Dead and Buried (1981)

“What the hell is going on in this town?!”

Dead and Buried Poster

As the sheriff (James Farentino) of a small coastal town investigates a mysterious rash of violent murders perpetrated on tourists — with many of them coming back to life — he begins to wonder about the potential involvement of the local mortician (Jack Albertson) as well as his own wife (Melody Anderson).

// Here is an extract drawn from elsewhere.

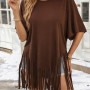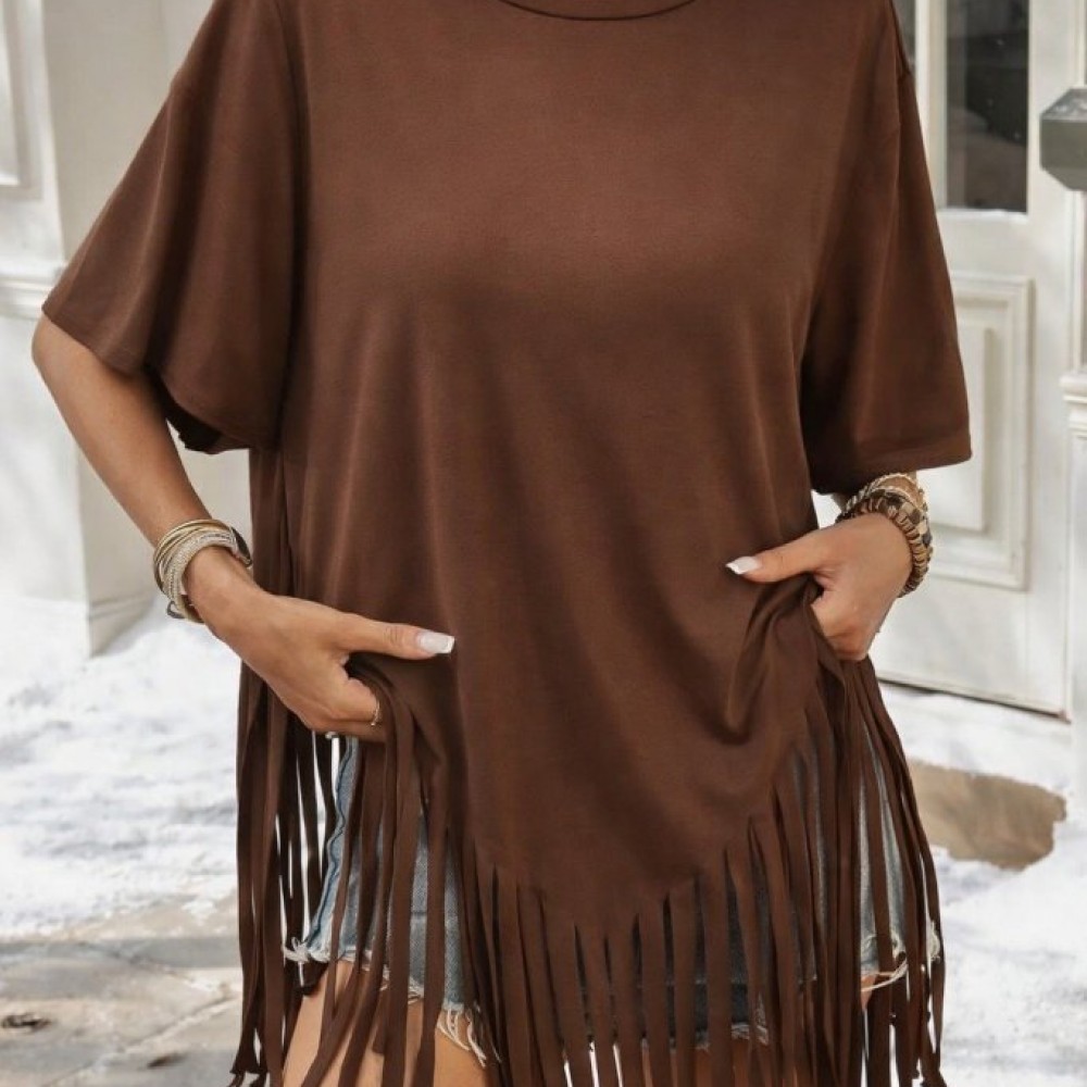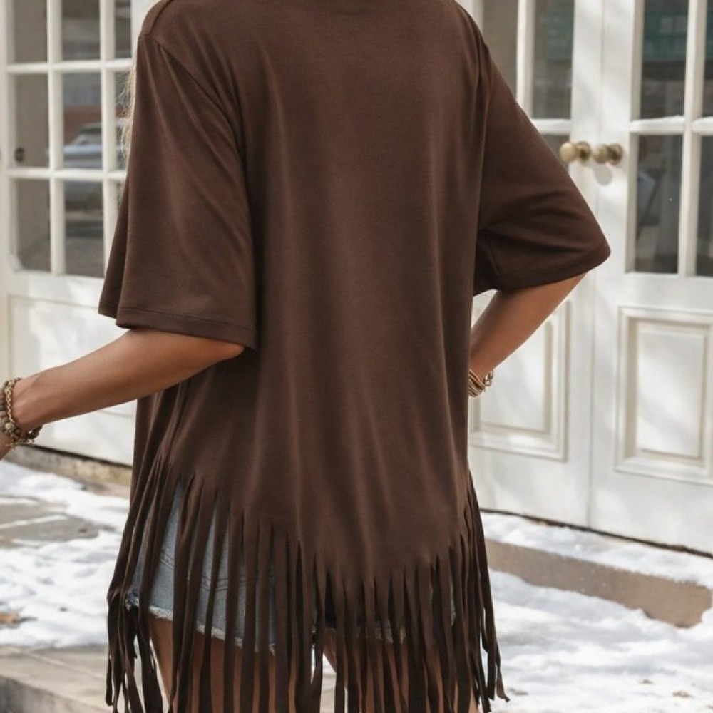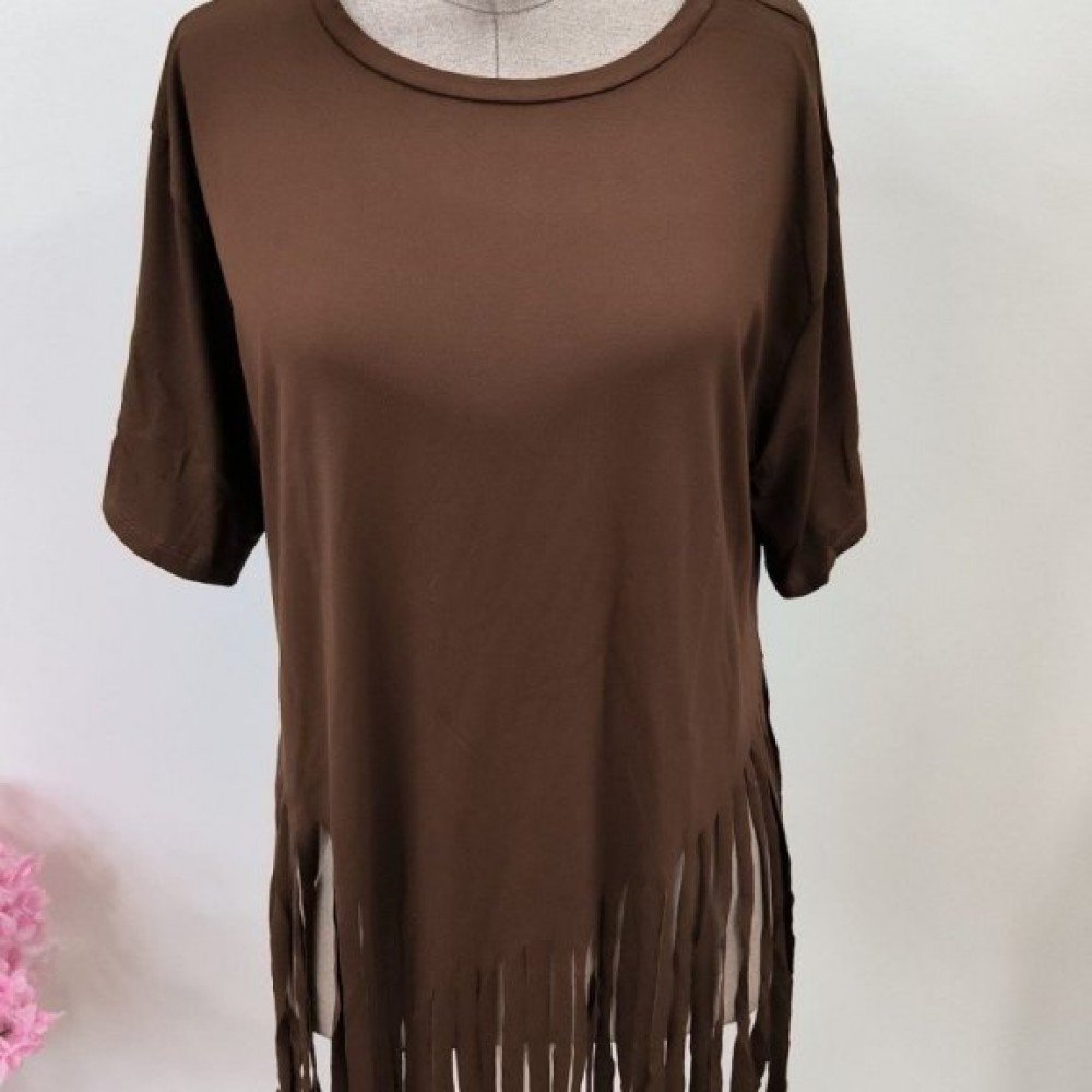 Kadın Kısa Kollu Bisiklet Yaka Püsküllü Viskon Bluz

Co-scripted by Alien screenwriters Dan O’Bannon and Ronald Shusett, this horror-thriller is based on a provocative premise, but fails to deliver on its promise. The shockingly violent opening sequence — in which a photographer (Christopher Allport) is seduced by a beautiful woman (Lisa Blount) on the beach, then nearly burnt alive by a group of locals who photograph and film the proceedings — is truly terrifying, and becomes more so as Allport’s perpetrators suddenly show up around town in other guises. This narrative structure quickly begins to wear thin, however, as we witness one tourist (or set of tourists) after the other suffering the same fate, albeit via different sadistic methods (presumably to show off gory special effects). Clearly, this film is meant to play on the trope of small-town hospitality masking something much more sinister, but we see too much viciousness and not enough initial hospitality to engage our interests.

Redeeming Qualities and Moments:

  • An effectively unsettling opening sequence
    Dead and Buried Opening
  • Atmospheric (if at times TOO dark) cinematography
    Dead and Buried Cinematography1
    Dead and Buried Cinematography2

Must See?
No; you can skip this one unless it’s your cup of tea.